FIG. 10 is a perspective view of a third example of a conventional smelt spout.

[Explanation of Codes] 1 Soda recovery boiler 2 Boiler side wall 3 Smelt 4 Smelt spout 5 Metal hollow body 6 Cooling water inlet 7 Cooling water outlet 8 Flow path section 9 Overlay welding 10 Main body 11 Ceramic block 12 Flow path section 13 Side wall plate 14 Heater 15 Heat Insulation Material 16 Molten Metal 17 Ceramics Block Test Specimen 18 Thermocouple 19 Thermocouple 20 Outer Plate 21 End Plate 22 Upper Plate 23 Air Inlet 24 Air Outlet 25 Solenoid Valve 26 Thermocouple

Front page continuation (72) Inventor Katahiko Katahiko 5-717-1, Fukahori-cho, Nagasaki City, Nagasaki Research Institute, Mitsubishi Heavy Industries, Ltd. (72) Inventor, Yasuko Takano 1-1, Atsunoura-machi, Nagasaki City Mitsubishi Heavy Industries Ltd.

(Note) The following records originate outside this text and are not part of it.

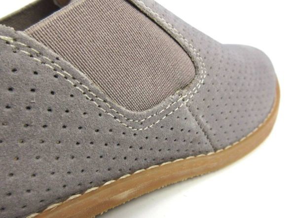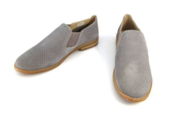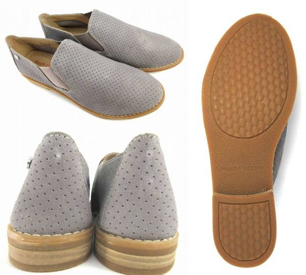 ハッシュパピー レディース 新品訳☆本革 フラットシューズ サイドゴアパンプス スリッポン スエード甲深 24cm グレー A1139☆HushPuppies
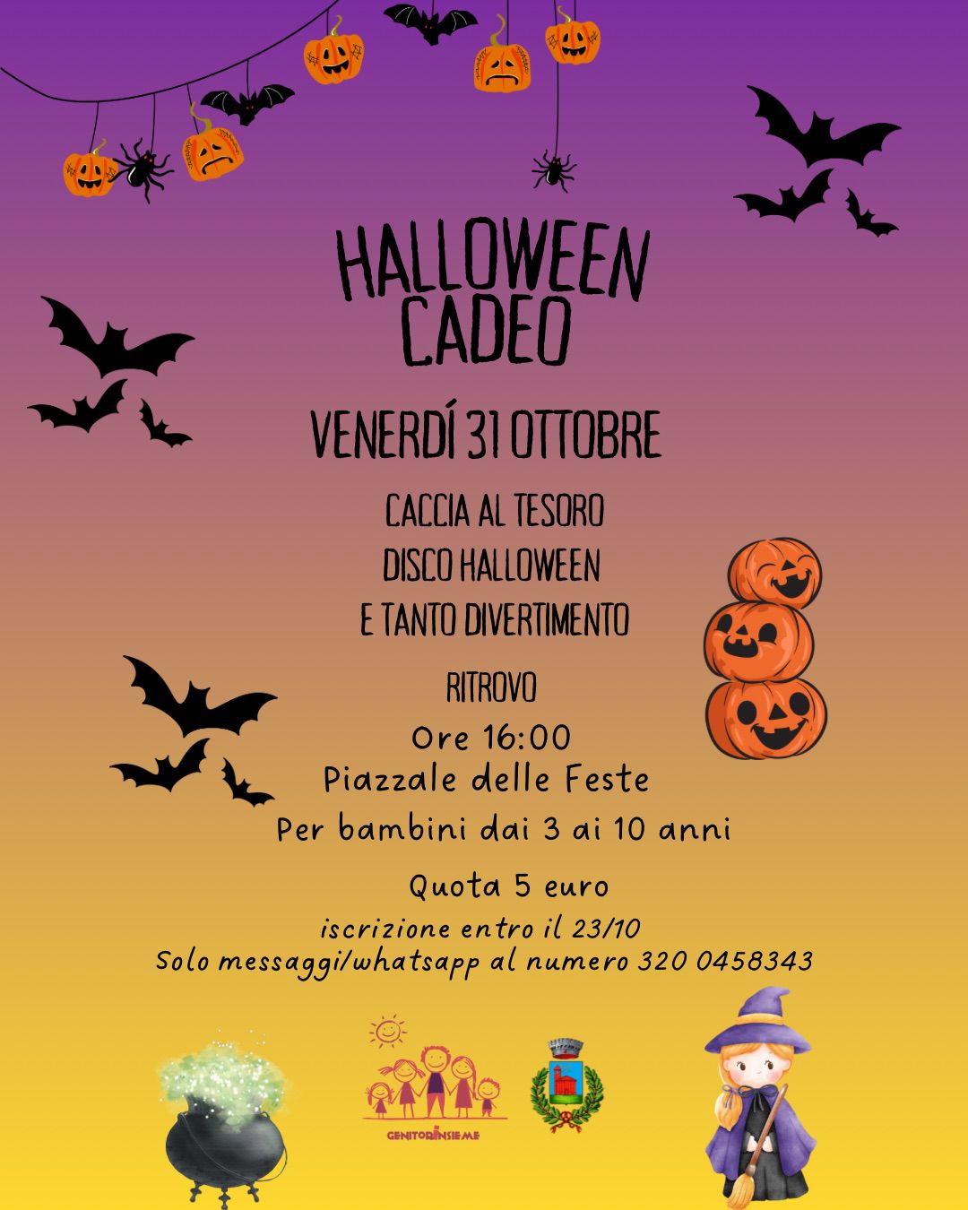 Iscrizioni entro il 23 ottobre solo tramite messaggio Whatsapp 320 0458343
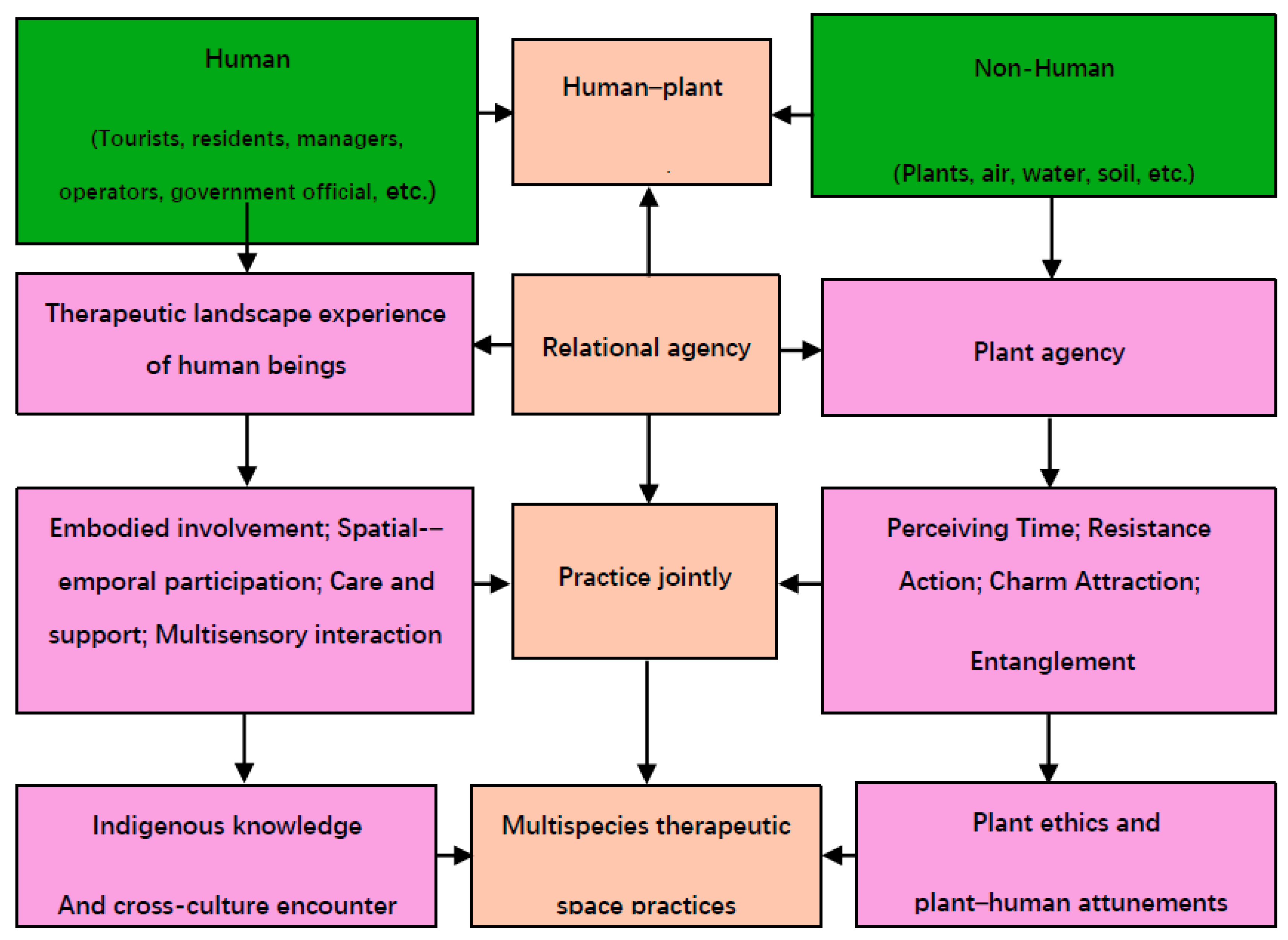 - Therapeutic Landscape Experience is the emergent outcome of these agentic encounters. It is not a static property of a landscape or a unilateral human perception, but a process co-produced through the material–semiotic interactions between humans and plants within a specific space.
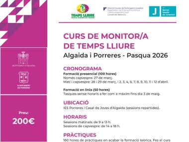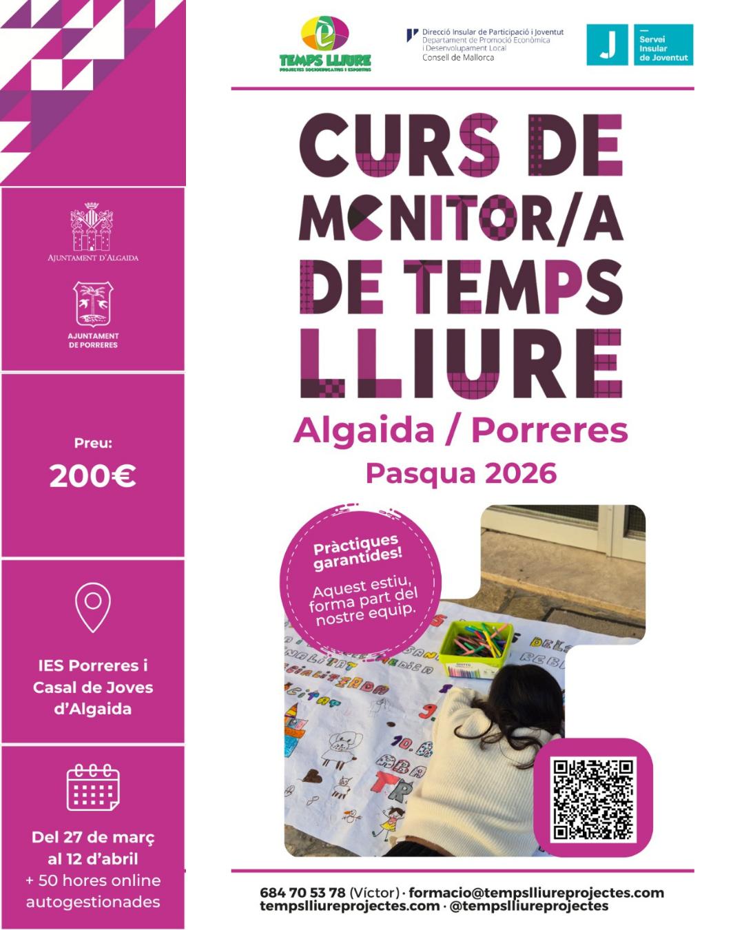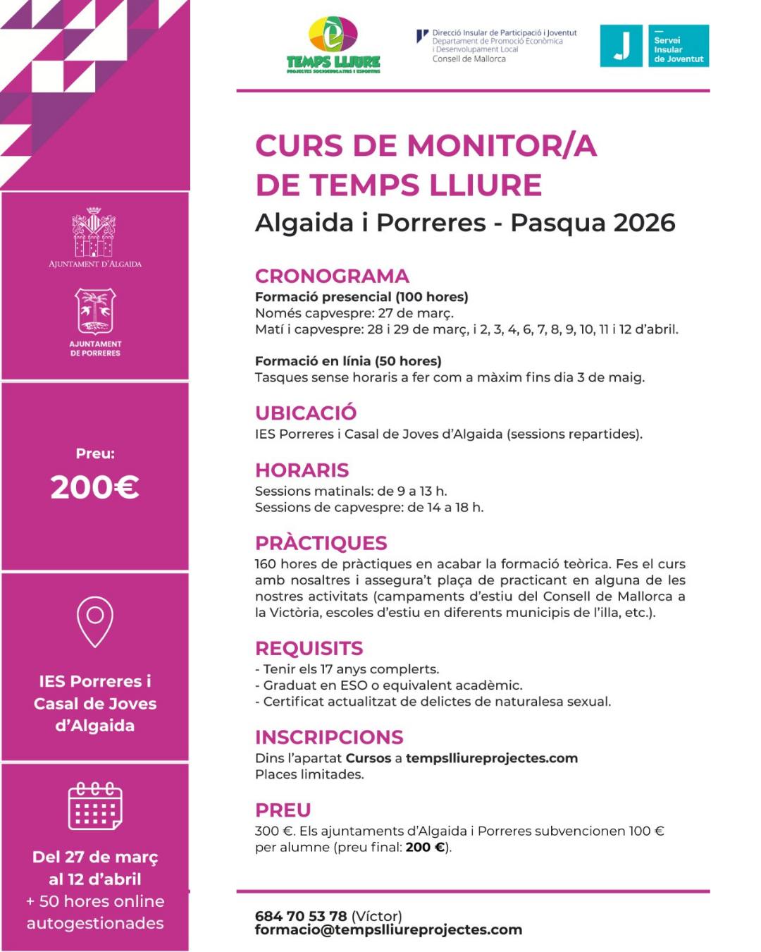 Formació adreçada a joves que vulguin obtenir el títol de monitor/a, amb sessions presencials a Porreres i Algaida, formació en línia i pràctiques assegurades.
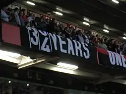 - The Phoenix Banner — MUFC — EST 1878 WE’LL NEVER DIE (впервые размещён во время матча с «Блэкберн Роверс»)
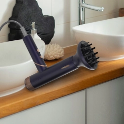 De concentrator richt de luchtstroom precies voor een gladde brushing en een pony. De diffuser verspreidt de lucht gelijkmatig, ondersteunt natuurlijke golven en volume zonder pluizen.
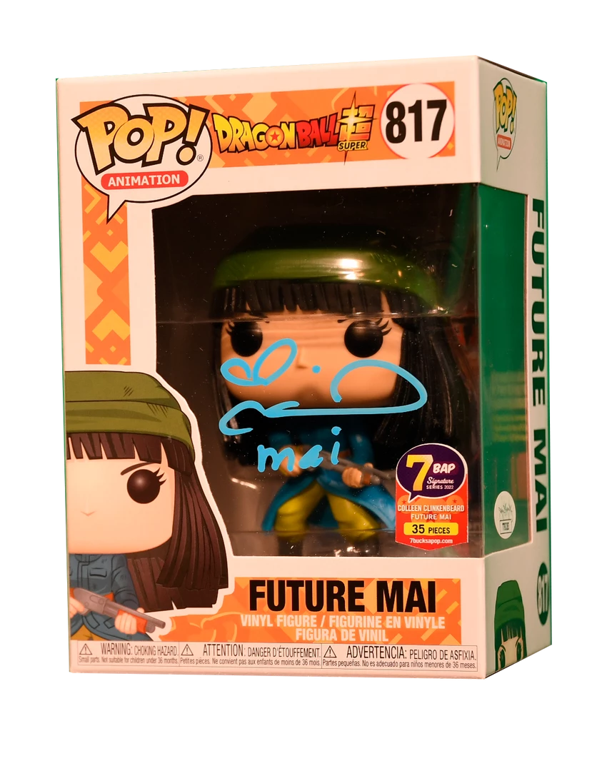 From the DragonballΒ anime and comic series comes this Future Mai Pop! Vinyl Figure!Β This is a limited editionΒ variant of the figure that has been signed by voice actress Colleen Clinkenbeard inΒ blue ink and has been JSA Authenticated.Β Β Limited edition – one ofΒ 35 pieces.
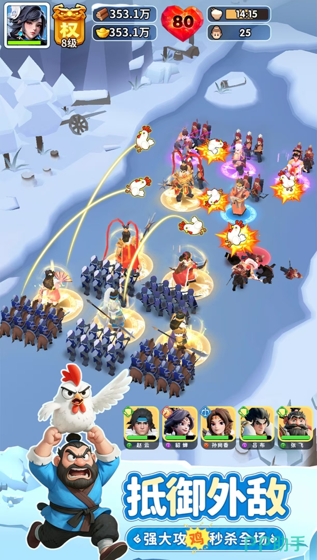 《三国:冰河时代》大家可以在三国时代打造一个小镇,通过不断的招募村民们来发展和建设,通过伐木,打猎等方式来获得资源,升级住宅不断的建造兵营。家园的领土可以不断进行扩大,通过招兵买马等方式提高国家的战斗力,每天登陆都会赠送很多强力的角色,可以自动集结英雄们对抗boss,在离线的状态下也有很多的资源收获,或者委托其他的盟友进行管理。
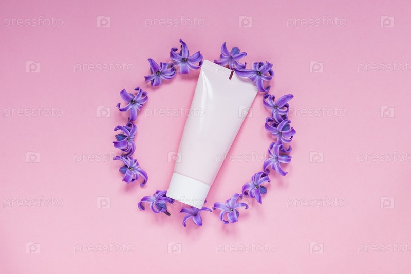 Розовая косметическая трубка в круге цветов гиацинта на пастельно-розовом фоне. Пустой пластиковый контейнер, макет упаковки
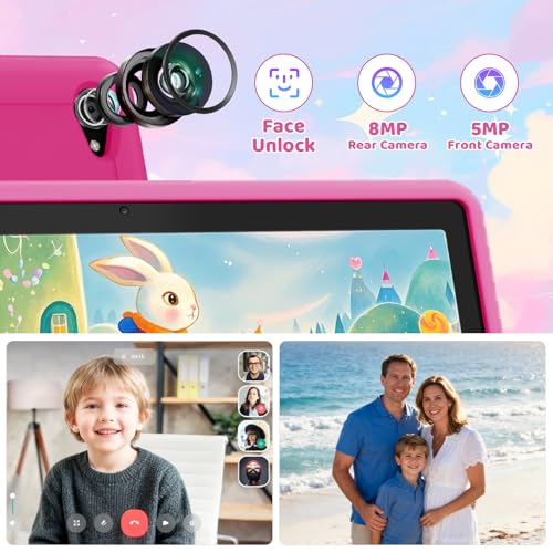 10 Inch Kids Tablet, Android 14 Tablet for Kids With 14GB+64GB+1TB Expandable, Octa-Core Processor, Face ID, 5MP+8MP, 5000mAh, Parental Control, 5G WiFi 6, BT 5.3, Protective Case,Pink
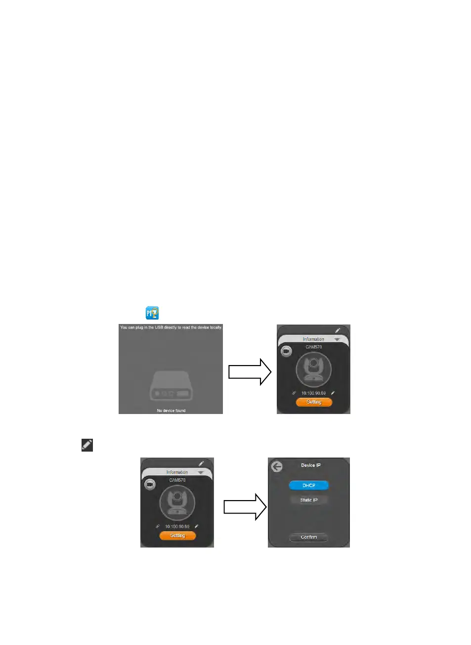 3. La dirección IP predeterminada de la cámara es 192.168.1.168. Haga clic en el icono del lápiz
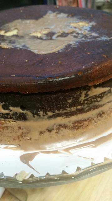 5. Για την συναρμολόγηση. Βγάζουμε την κρέμα πραλίνας από το ψυγείο. Τοποθετούμε το πρώτο παντεσπάνι σε μια πιατέλα με την λεία επιφάνεια προς τα κάτω. Με ένα κουτάλι της σούπας, καταβρέχουμε ελαφρώς το παντεσπάνι με το σιρόπι καραμέλας. Στην συνέχεια ρίχνουμε την μισή ποσότητα κρέμα πραλίνα και στρώνουμε με ένα μαχαίρι ζαχαροπλαστικής.
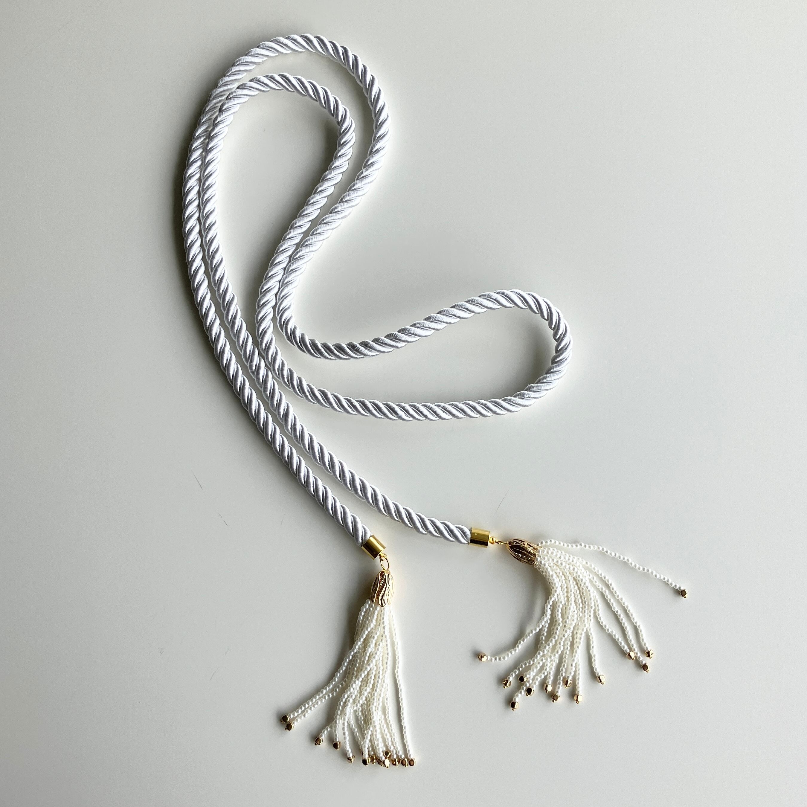 腰元で上品なパールタッセルがゆらめく紐ベルト。

Nagasaki Inside the shipyard

Claims (2)

[Claims] 1. A semi-cylindrical main body in a smelt spout in a ceramic block for discharging smelt produced in a soda recovery boiler to the outside of the boiler.
A smelt spout comprising a ceramic block attached to the inside of the main body, a heater provided on the outside of the main body, and a heat insulating material covering the outside of the main body including the heater. 2. A ceramic block-incorporated smelt spout for discharging smelt produced in a soda recovery boiler to the outside of the boiler, a main body comprising a semi-cylindrical portion and a side wall portion extending upward from a side portion thereof. , A ceramic block attached inside the semi-cylindrical portion of the main body, a side wall plate provided inside the side wall of the main body, a heater provided outside the main body, the outside of the main body including the heater A heat insulating material covering the main body and the upper surface of the heat insulating material, and an end plate covering the front end surface of the main body and the heat insulating material,
The side wall plate, the upper plate, and the end plate are 15 wt. % Or more of Cr
Smelt spout characterized by being made of alloy of content.